International students in the news


The Migration Advisory Committee (MAC) published its report on the impact of international students in the UK in September 2018. Although the Government is yet to respond, MAC made the following key recommendations: 

  • there should remain no cap on the number of international students coming to the UK;
  • the Government and the sector should continue to work together to grow the number of international students;
  • international students should not be removed from the net migration target. This is a political target and the Government could summarise its ambitions on net migration in a different way;
  • rules of work while studying and dependant rights should remain unchanged;
  • PhD students should automatically be given one year’s leave to remain after completion of studies and this should be incorporated into their original visa;
  • the post-study leave period should be extended to six months for all master’s students assuming the pilot does not uncover any evidence that this would not be sensible; 
  • graduates of UK HEIs should also be eligible for the existing easier access to Tier 2 jobs after course completion regardless of whether they are in the UK. This benefit could perhaps be in place for two years after graduation. 

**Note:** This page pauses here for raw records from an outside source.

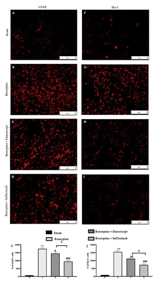 Efficacy of etanercept and infliximab administration on microglia and astrocytes reserpine induced. Immunofluorescence analysis of GFAP: (A) Sham, (B) Reserpine, (C) Reserpine+Etanercept, (D) Reserpine+Infliximab, (E) Number of GFAP positive cells. Immunofluorescence analysis of Iba-1: (F) Sham, (G) Reserpine, (H) Reserpine+Etanercept, (I) Reserpine+Infliximab, (J) Number of Iba-1 positive cells. Scale bar: 75μm. Magnification 40X. For these analyses n = 5 animals for each group were employed. Results were analysed by one-way ANOVA followed by a Bonferroni post-hoc test for multiple comparisons. A p-value <0.05 was considered significant. # p < 0.05 vs. vehicle, ## p < 0.01 vs. vehicle, *** p < 0.001 vs. sham, ### p < 0.001 vs. vehicle, $ p < 0.05 infliximab vs. etanercept.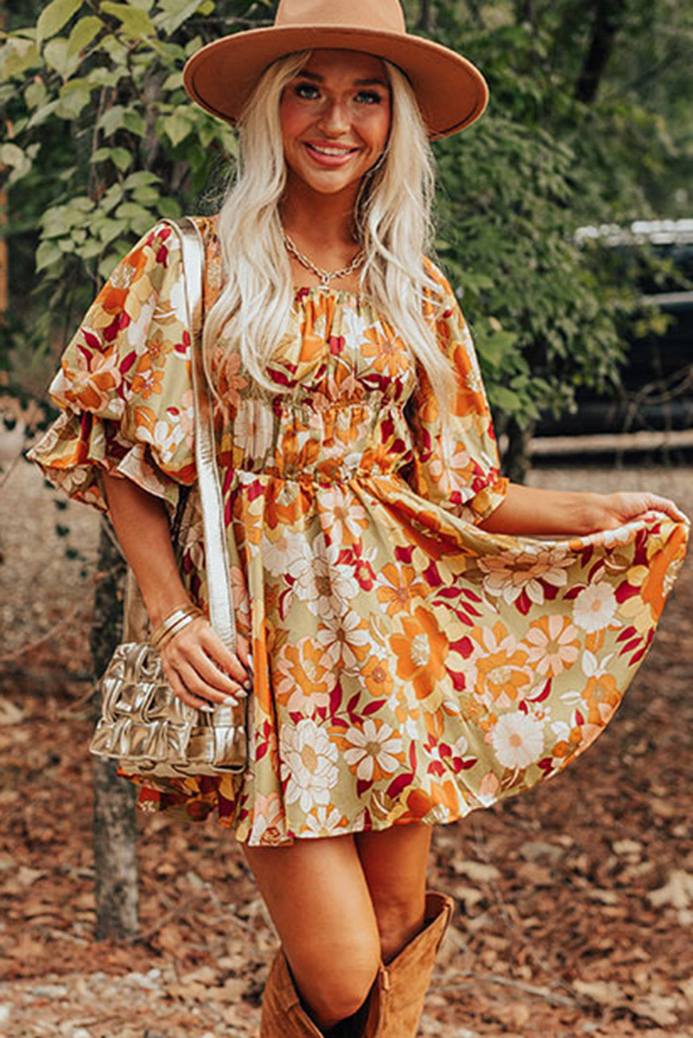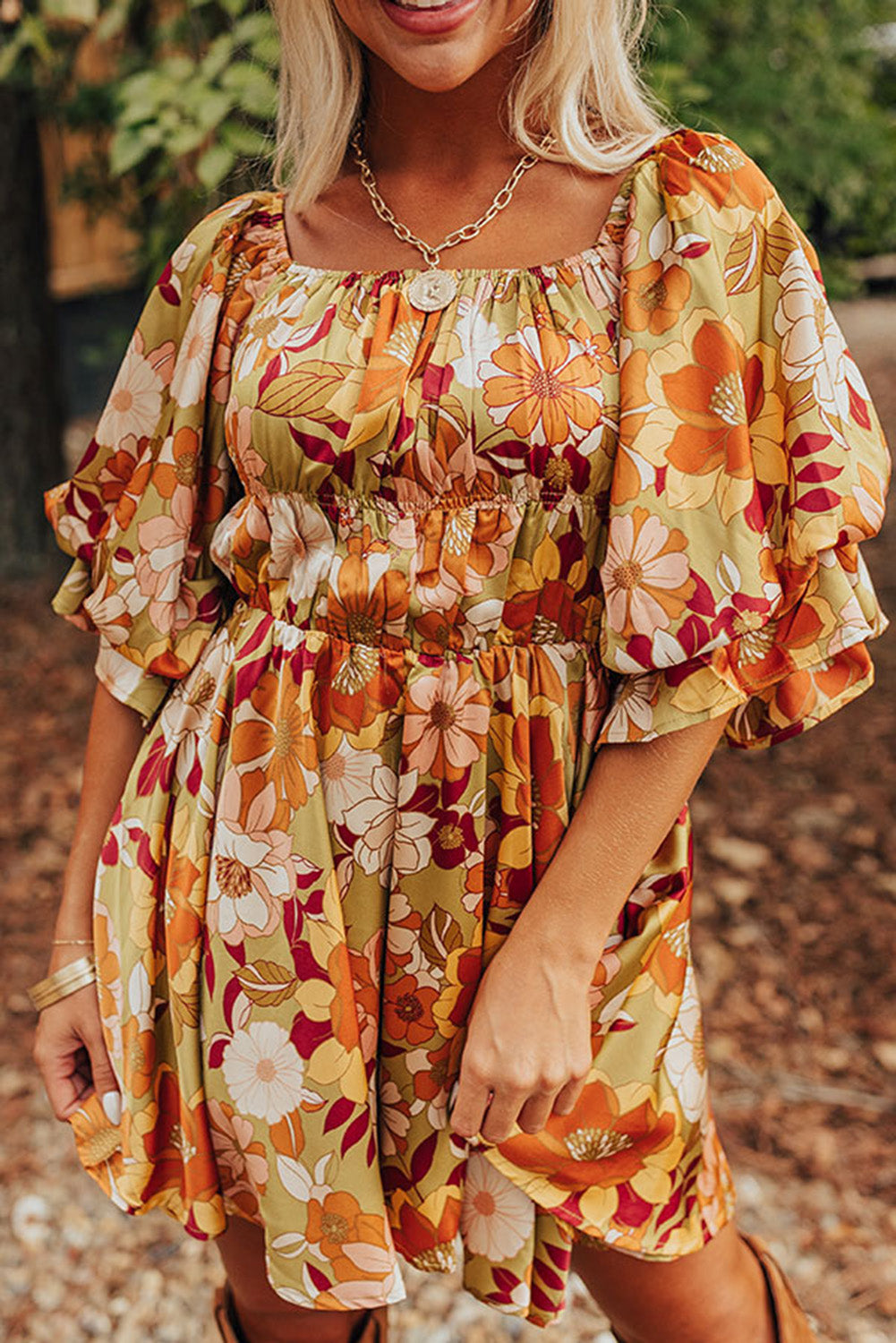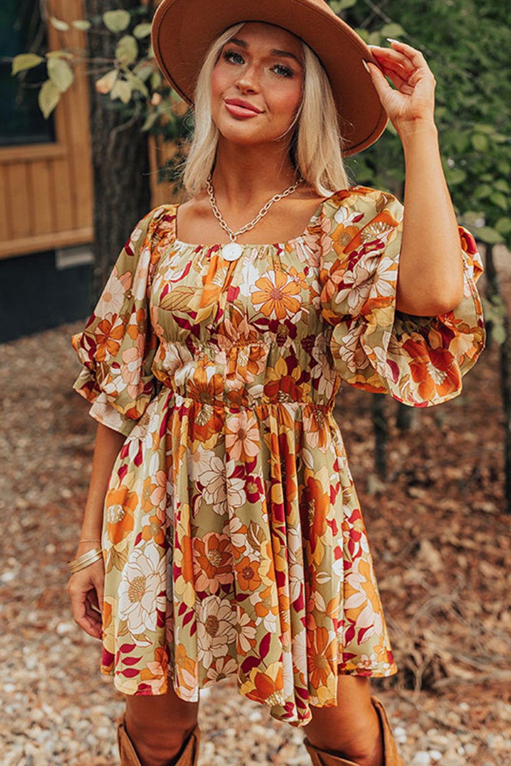 - This floral dress features an elastic scoop neckline that can be worn off-shoulder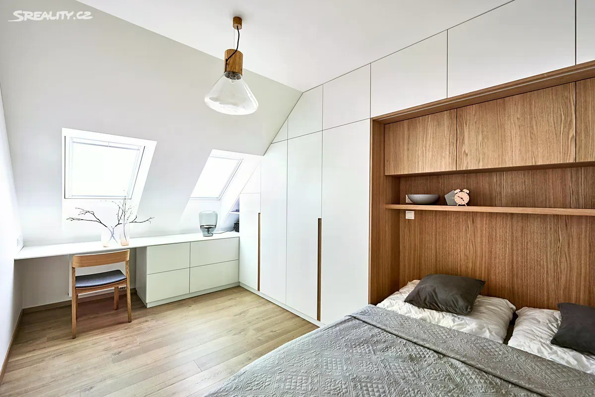 Exkluzivně nabízím k pronájmu nadstandardní 2+kk byt v klidné lokalitě u parku Jezerka. Byt se nachází v 5.nadzemním podlaží činžovního domu, který prošel celkovou rekonstrukcí. Činžovní dům disponuje moderním výtahem a nachází se v klidné části ulice s dostatkem soukromí. Ze stavu shell and core prošel byt komplexní a nákladnou stavební rekonstrukcí a dostavbou. Rekonstrukci měl na starosti známý architektonický ateliér BekArch. Tento projekt se dokonce umístili na krásném třetím místě v soutěži rekonstrukce roku 2019. Půdní jednotka je řešena jako 2kk o celkové podlahové ploše 45m2 a je vybavena velmi důmyslným systémem vestavných skříní a truhlářských prvků tak, aby byl prostor maximálně využit. Vše ve vysokém standardu s matně lakovanými povrchy dvířek. Součástí jednotky je i užitečná sklepní koje. Byt je vybaven klimatizační jednotkou, která se postará a komfortní chlazení. Jednotka se skládá z chodby s vestavenými skříní na oblečení a boty, obývacího pokoje s kuchyní, kuchyňským ostrůvkem, vestavnou knihovnou pod okny a TV skříňkou, koupelny s dostatkem úložných prostor, sprchovým koutem, betonovým umyvadlem Gravelli a toaletou od Laufen by Kartel a v neposlední řadě z ložnice s vestavnou skříní a integrovanou truhlářský řešenou postelí 180x200. Všechny místnosti osvětleny světly od českých designérů a výrobců jako Bomma a Brokis. Kuchyně je vybavena: pračkou se sušičkou, indukční varnou deskou, el. Troubou, myčkou, vestavnou kombinovanou chladničkou, granitovým dřezem, baterií a digestoří. Lokalita je v pěším dosahu zastávek tramvají a autobusů s napojením na stanice metra I.P.Pavlova a Pankrác. V okolí je výborná občanská vybavenost. Hned u domu jsou dětská hřiště, klidný park Jezerka, divadlo Jezerka, Tesco, kavárny atd. V posledních letech lokalita prošla velmi pozitivním vývojem. Veškeré domovní poplatky na byt vychází na 1.800,- Kč/ 1 osoba. Další osoba by znamenala navýšení domovních poplatků o 700 Kč. Elektřina a plyn se platí zvlášť a převádí se na nájemce. Vratná kauce je ve vyšší 2x nájmů s ohledem na vysoký standard zařízení bytu. Zvířátka nejsou bohužel povolená. Byt je vybavený tak, že je možné okamžitě obývat po doplnění: gauče, barových židliček a matrace. U tohoto bytu se neplatí provize. Vážné zájemce ráda provedu celou nemovitostí. Ideální pro milovníky českého designu a pro lidi, kteří umí ocenit kouzlo tohoto interiéru. K nastěhování od 1.12. nebo po domluvě.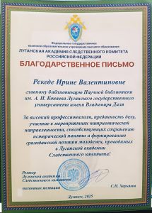 Сотрудник Научной библиотеки им. А. Н. Коняева Луганского государственного университета имени Владимира Даля, главный библиотекарь Ирина Валентиновна Рекеда награждена Благодарственным письмом от Луганской академии Следственного комитета России за высокий профессионализм, преданность делу, участие в мероприятиях патриотической направленности, способствующих сохранению исторической памяти и формированию гражданской позиции молодежи, проводимых в Луганской академии Следственного комитета.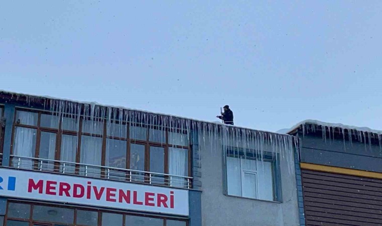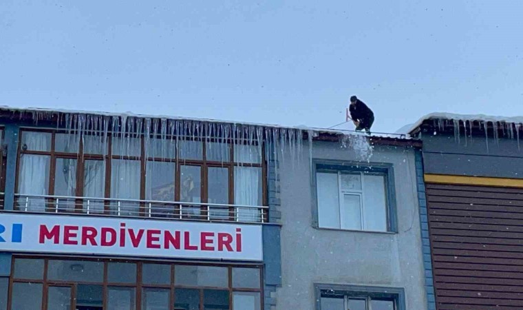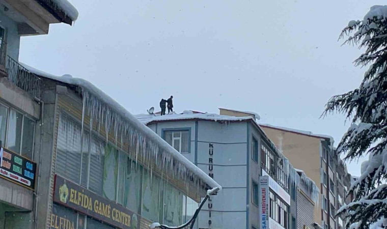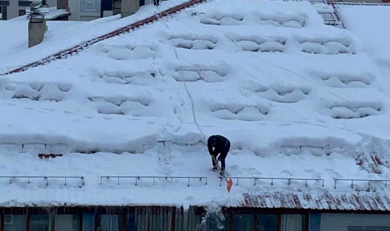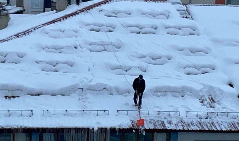 Tatvan ilçesinde son günlerde etkili olan kar yağışı hayatı olumsuz etkilemeye devam ediyor. Olumsuz hava şartlarından dolayı çatılarda biriken kar ve buz sarkıtlarını temizlemek isteyen 2 vatandaş, 5 katlı binanın üzerine çıktı. Beline bağlı ip ile çatıda kar temizliği yapmaya çalışan ve diğer vatandaşın ise onu iple tuttuğu anlara ilişkin görüntüler yürekleri ağızlara getirdi. Şahıslar uzun bir süre çatıda kar temizliğine devam ederken, çevredeki vatandaşlar ise korkulu gözlerle onları izledi.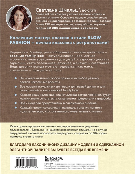 Уникальная коллекция мастер-классов в стиле SLOW FASHION — вечная классика с ретро-нотками, от замечательного мастера Светланы Шмальц, известной в Сети как непревзойденный эксперт вязаной семейной моды. Все девочки мечтают одеваться, как мама, а мальчики — походить на папу. Вязаный family look актуален как никогда, ведь именно этот стиль дает возможность достичь взаимопонимания и семейной гармонии, стать сплоченнее, дружнее, а значит, счастливее. Кардиганы, бомберы, разнообразные стильные джемперы — в едином стиле для мамы и дочки, для папы и сына. И все это с огромным вкусом и мастерством. Светлана Шмальц с удовольствием делится своими навыками с читателями и делает это непосредственно на практике. Подробные, богато проиллюстрированные мастер-классы, великолепные фотографии, на которых видно, как смотрится вживую та или иная авторская модель. Откройте для себя вязание нового уровня, когда каждая вещь рассчитана на то, чтобы стать любимой и носиться годами, а процесс вязания доставляет ни с чем не сравнимое удовольствие! • Вы можете вязать из любой пряжи и на любой размер, сделав несложные расчеты. • Все модели актуальны и для вас, и для вашей дочки, и для сына с папой — классический фэмили лук. • Каждая вещь коллекции станет для вас самой любимой, будет максимально сочетаться с остальными предметами гардероба. • Все 7 моделей представлены в сдержанном дизайне для комфортной носки как детям, так и взрослым. • Каждый проект с ссылками на видео, а значит, понятен и доступен всем, кто хоть немного умеет вязать спицами. «Медленная мода» на спицах — это не просто вязание, это философия: делать меньше, но лучше, выбирать качественное, создавать с душой. Об авторе: Светлана Шмальц / bo.gatti Уже более 40 лет создает уютные вязаные модели и делится своим опытом. Основала первую онлайн-школу бизнеса и моделирования вязаных изделий, создала более 130 мастер-классов, а ее работы согревают сердца 80 000 подписчиков в соцсетях.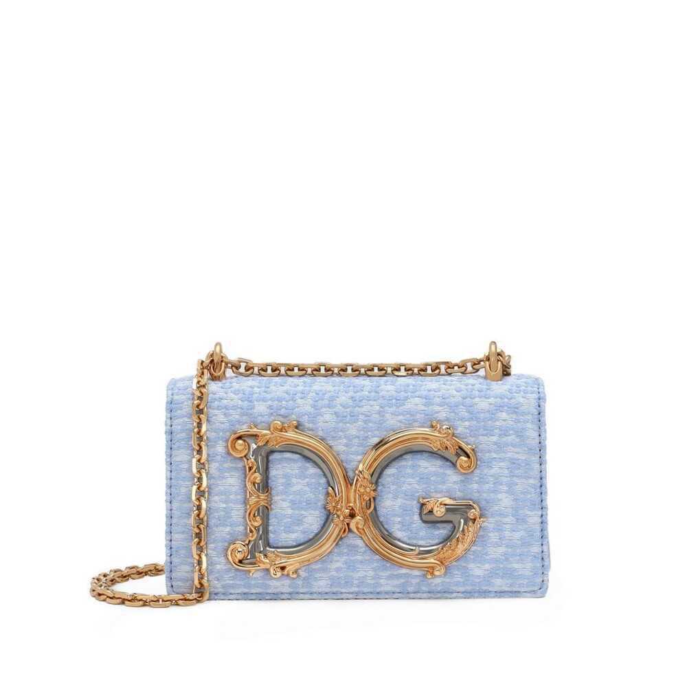 Sky blue virgin wool blend bouclé construction gold-tone hardware appliqué logo foldover top with magnetic fastening chain-link shoulder strap main compartment internal card slot this piece comes complete with a protective dust bag.

The full report can be accessed here

All-Party Parliamentary Group for International Students inquiry report - November 2018

The All-Party Parliamentary Group for International Students released its inquiry report on 6 November 2018 setting out the following eight recommendations for the Government:

  1. a clear and ambitious target should be set to grow international student numbers. The Government should then remove students from targets to reduce net migration to facilitate increasing numbers;
  2. a clearly labelled and attractive post-study work visa should be offered which allows up to two years of work experience in the UK;
  3. an EU deal for unrestricted movement of students and researchers should be pursued as part of a close relationship between European universities and research programmes;
  4. the immigration rules should facilitate and encourage students to study in the UK and at multiple study levels within the UK education system;
  5. the diversity of the UK education offering should be promoted and protected, including small, specialist, vocational and further education providers within the proposed recruitment strategy;
  6. the Independent Chief Inspector of Borders and Immigration should conduct an independent review of credibility interviews within the student immigration system to ensure the system is fit for purpose;
  7. close work should be undertaken with devolved and regional governments to support growth in international student numbers, protect local courses and institutions which are dependent on international students, and support regional and national initiatives;
  8. data on education as an export and as an economic value should be tracked accurately, including at a national, regional and local level.